[Aim of the exercise] Transcribe exactly everything in the data below from the line containing "Супермаркет Да акции" down to the line containing "Log all activity", both lines included and nothing further.

[Data for this task]
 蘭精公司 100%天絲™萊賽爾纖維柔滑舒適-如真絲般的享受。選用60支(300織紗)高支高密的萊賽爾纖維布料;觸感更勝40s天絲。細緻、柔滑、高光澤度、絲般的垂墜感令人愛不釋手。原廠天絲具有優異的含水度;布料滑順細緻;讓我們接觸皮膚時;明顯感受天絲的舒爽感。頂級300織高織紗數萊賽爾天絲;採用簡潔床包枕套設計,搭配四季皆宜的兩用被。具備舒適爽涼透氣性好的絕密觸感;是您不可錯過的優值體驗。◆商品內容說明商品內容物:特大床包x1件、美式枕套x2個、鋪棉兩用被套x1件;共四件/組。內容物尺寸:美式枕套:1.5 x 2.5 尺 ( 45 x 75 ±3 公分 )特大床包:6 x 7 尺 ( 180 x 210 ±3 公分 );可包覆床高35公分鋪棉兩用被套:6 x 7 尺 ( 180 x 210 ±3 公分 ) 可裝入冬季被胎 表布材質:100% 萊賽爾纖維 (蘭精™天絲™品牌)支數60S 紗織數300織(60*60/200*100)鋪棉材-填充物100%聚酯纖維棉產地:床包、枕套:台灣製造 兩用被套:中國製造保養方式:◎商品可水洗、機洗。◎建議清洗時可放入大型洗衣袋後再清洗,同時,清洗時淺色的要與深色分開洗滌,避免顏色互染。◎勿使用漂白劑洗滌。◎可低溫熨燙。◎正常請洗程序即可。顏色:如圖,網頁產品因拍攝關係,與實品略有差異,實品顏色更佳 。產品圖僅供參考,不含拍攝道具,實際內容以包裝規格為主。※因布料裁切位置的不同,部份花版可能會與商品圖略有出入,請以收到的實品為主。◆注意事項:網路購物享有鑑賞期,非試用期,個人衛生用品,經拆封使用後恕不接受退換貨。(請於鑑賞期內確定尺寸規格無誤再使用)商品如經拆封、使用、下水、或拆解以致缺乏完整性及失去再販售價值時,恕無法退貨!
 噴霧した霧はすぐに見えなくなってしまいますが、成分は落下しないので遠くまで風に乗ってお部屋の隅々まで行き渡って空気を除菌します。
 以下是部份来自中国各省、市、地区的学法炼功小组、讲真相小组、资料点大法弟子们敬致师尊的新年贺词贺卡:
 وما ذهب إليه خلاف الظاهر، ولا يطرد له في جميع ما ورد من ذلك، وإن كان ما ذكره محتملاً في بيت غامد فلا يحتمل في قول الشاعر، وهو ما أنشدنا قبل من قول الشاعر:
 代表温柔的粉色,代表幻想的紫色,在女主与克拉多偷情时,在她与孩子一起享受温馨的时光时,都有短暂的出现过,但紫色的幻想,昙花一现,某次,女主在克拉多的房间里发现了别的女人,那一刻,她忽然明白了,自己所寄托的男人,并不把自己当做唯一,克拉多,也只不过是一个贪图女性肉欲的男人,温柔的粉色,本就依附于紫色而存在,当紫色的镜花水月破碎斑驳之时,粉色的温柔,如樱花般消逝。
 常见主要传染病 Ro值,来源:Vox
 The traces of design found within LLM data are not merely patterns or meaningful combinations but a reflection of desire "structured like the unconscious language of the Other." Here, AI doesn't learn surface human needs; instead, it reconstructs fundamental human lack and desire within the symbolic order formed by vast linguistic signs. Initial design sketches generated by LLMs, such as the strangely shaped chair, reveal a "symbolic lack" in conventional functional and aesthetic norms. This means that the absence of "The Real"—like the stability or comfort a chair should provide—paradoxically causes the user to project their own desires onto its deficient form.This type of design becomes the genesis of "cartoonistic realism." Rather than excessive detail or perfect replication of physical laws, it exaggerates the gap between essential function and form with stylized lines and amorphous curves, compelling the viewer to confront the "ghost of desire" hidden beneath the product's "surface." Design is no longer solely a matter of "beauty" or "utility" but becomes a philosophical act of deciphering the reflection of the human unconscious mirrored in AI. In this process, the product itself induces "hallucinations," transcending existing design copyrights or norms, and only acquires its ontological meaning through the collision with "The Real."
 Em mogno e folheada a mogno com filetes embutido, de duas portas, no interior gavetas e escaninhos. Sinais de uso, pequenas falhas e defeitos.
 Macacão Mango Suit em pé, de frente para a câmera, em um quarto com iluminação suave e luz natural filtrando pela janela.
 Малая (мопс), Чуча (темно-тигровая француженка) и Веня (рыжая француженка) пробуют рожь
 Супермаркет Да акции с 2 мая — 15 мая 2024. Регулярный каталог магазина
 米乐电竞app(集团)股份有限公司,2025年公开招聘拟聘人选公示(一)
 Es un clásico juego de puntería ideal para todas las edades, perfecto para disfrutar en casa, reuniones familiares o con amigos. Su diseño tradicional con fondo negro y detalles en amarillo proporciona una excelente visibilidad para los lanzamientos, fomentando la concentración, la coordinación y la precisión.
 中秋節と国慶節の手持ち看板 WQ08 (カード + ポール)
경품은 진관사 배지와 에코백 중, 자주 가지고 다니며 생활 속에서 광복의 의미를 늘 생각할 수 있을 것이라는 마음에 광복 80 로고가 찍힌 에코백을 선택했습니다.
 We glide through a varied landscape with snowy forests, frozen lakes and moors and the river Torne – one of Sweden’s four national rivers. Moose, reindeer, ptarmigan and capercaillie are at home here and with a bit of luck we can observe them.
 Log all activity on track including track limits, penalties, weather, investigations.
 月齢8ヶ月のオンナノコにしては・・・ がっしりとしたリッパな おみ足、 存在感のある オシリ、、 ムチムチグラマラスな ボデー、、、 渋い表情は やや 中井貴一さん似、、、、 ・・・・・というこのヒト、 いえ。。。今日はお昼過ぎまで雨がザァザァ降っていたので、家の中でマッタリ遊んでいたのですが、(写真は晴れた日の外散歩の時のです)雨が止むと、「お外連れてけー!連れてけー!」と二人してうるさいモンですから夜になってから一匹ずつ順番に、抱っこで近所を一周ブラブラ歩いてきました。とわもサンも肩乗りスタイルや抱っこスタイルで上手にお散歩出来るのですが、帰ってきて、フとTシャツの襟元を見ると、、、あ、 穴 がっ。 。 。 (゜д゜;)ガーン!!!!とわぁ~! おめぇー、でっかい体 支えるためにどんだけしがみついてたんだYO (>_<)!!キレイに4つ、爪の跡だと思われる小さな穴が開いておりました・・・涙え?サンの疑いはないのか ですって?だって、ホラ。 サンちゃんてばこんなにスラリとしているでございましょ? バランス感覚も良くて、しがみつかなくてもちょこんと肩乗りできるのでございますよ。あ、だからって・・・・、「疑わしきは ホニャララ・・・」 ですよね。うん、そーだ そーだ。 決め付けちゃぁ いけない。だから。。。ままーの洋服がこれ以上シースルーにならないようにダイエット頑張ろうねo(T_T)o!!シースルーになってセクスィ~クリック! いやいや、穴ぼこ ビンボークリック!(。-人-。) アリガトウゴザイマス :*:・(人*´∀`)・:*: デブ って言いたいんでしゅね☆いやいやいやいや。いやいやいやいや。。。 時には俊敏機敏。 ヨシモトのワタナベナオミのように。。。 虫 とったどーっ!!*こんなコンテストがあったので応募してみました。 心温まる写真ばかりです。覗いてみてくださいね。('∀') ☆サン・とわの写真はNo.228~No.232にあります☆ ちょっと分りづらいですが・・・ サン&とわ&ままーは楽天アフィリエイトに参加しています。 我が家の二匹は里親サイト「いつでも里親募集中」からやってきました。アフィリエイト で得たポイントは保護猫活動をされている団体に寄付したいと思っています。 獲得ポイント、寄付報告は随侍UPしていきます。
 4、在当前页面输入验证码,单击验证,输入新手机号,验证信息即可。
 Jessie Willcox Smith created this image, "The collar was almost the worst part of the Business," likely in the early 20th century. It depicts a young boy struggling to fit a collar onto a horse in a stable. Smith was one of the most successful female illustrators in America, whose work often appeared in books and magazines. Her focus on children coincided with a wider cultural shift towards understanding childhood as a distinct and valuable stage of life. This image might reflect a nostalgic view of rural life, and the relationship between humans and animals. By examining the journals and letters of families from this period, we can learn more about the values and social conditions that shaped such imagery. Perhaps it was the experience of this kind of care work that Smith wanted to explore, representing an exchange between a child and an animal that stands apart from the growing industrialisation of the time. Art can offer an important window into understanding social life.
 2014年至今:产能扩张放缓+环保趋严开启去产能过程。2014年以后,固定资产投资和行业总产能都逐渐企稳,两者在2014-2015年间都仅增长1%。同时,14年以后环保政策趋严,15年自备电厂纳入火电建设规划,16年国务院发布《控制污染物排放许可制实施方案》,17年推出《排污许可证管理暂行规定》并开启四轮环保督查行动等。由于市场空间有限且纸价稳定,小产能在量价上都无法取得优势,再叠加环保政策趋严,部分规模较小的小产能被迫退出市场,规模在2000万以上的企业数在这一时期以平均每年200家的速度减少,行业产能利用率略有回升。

[Solution to this problem]
 Супермаркет Да акции с 2 мая — 15 мая 2024. Регулярный каталог магазина
 米乐电竞app(集团)股份有限公司,2025年公开招聘拟聘人选公示(一)
 Es un clásico juego de puntería ideal para todas las edades, perfecto para disfrutar en casa, reuniones familiares o con amigos. Su diseño tradicional con fondo negro y detalles en amarillo proporciona una excelente visibilidad para los lanzamientos, fomentando la concentración, la coordinación y la precisión.
 中秋節と国慶節の手持ち看板 WQ08 (カード + ポール)
경품은 진관사 배지와 에코백 중, 자주 가지고 다니며 생활 속에서 광복의 의미를 늘 생각할 수 있을 것이라는 마음에 광복 80 로고가 찍힌 에코백을 선택했습니다.
 We glide through a varied landscape with snowy forests, frozen lakes and moors and the river Torne – one of Sweden’s four national rivers. Moose, reindeer, ptarmigan and capercaillie are at home here and with a bit of luck we can observe them.
 Log all activity on track including track limits, penalties, weather, investigations.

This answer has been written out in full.